• [Action item]: Each line below from the line with "Орхидея и эустома в шляпной коробке" to the line with "優しいイエローがかわいいですね。 イエローと相性のいいグレーのパンツを合わせました。 サラッとした生地感のワイドパンツです。" must be copied exactly, including those two, and no picture may appear in the copy.

*** Opening of Source data ***

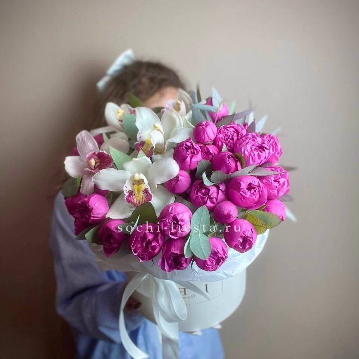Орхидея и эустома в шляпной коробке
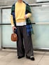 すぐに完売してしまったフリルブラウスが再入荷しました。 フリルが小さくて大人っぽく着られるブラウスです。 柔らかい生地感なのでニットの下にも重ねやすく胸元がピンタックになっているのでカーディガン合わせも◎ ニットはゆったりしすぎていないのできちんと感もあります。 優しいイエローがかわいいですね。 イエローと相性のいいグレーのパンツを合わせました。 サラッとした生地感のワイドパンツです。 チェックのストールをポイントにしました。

*** Close of Source data ***
*** Opening of Source data ***

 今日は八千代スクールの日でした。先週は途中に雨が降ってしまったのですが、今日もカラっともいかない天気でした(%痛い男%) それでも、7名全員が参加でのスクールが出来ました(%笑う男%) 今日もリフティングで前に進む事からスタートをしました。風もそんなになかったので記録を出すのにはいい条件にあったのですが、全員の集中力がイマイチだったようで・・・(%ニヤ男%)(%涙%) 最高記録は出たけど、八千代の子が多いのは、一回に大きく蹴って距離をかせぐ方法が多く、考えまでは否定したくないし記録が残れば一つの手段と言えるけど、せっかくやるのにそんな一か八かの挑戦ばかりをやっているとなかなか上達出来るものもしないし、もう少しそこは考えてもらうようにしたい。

*** Close of Source data ***
*** Opening of Source data ***

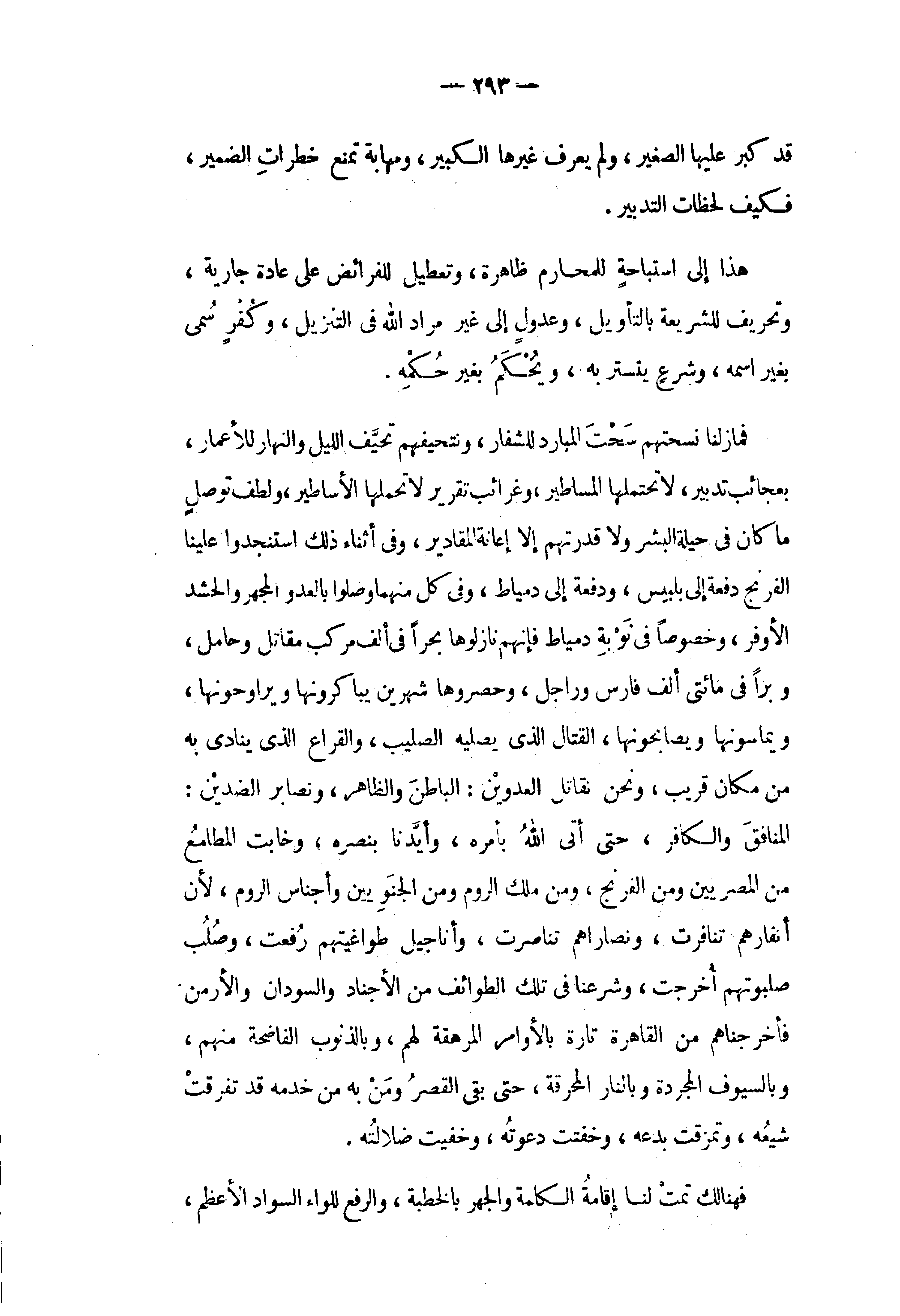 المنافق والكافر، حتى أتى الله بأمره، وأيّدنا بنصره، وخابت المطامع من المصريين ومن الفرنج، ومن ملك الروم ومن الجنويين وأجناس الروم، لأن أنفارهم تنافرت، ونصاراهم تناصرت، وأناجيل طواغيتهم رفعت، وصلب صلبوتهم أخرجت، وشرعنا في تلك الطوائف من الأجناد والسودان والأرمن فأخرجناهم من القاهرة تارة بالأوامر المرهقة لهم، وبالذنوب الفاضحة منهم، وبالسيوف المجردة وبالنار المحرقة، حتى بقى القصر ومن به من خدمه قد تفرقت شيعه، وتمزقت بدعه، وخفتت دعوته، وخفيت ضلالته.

*** Close of Source data ***

• [Answer to this problem]:
Орхидея и эустома в шляпной коробке
 すぐに完売してしまったフリルブラウスが再入荷しました。 フリルが小さくて大人っぽく着られるブラウスです。 柔らかい生地感なのでニットの下にも重ねやすく胸元がピンタックになっているのでカーディガン合わせも◎ ニットはゆったりしすぎていないのできちんと感もあります。 優しいイエローがかわいいですね。 イエローと相性のいいグレーのパンツを合わせました。 サラッとした生地感のワイドパンツです。 チェックのストールをポイントにしました。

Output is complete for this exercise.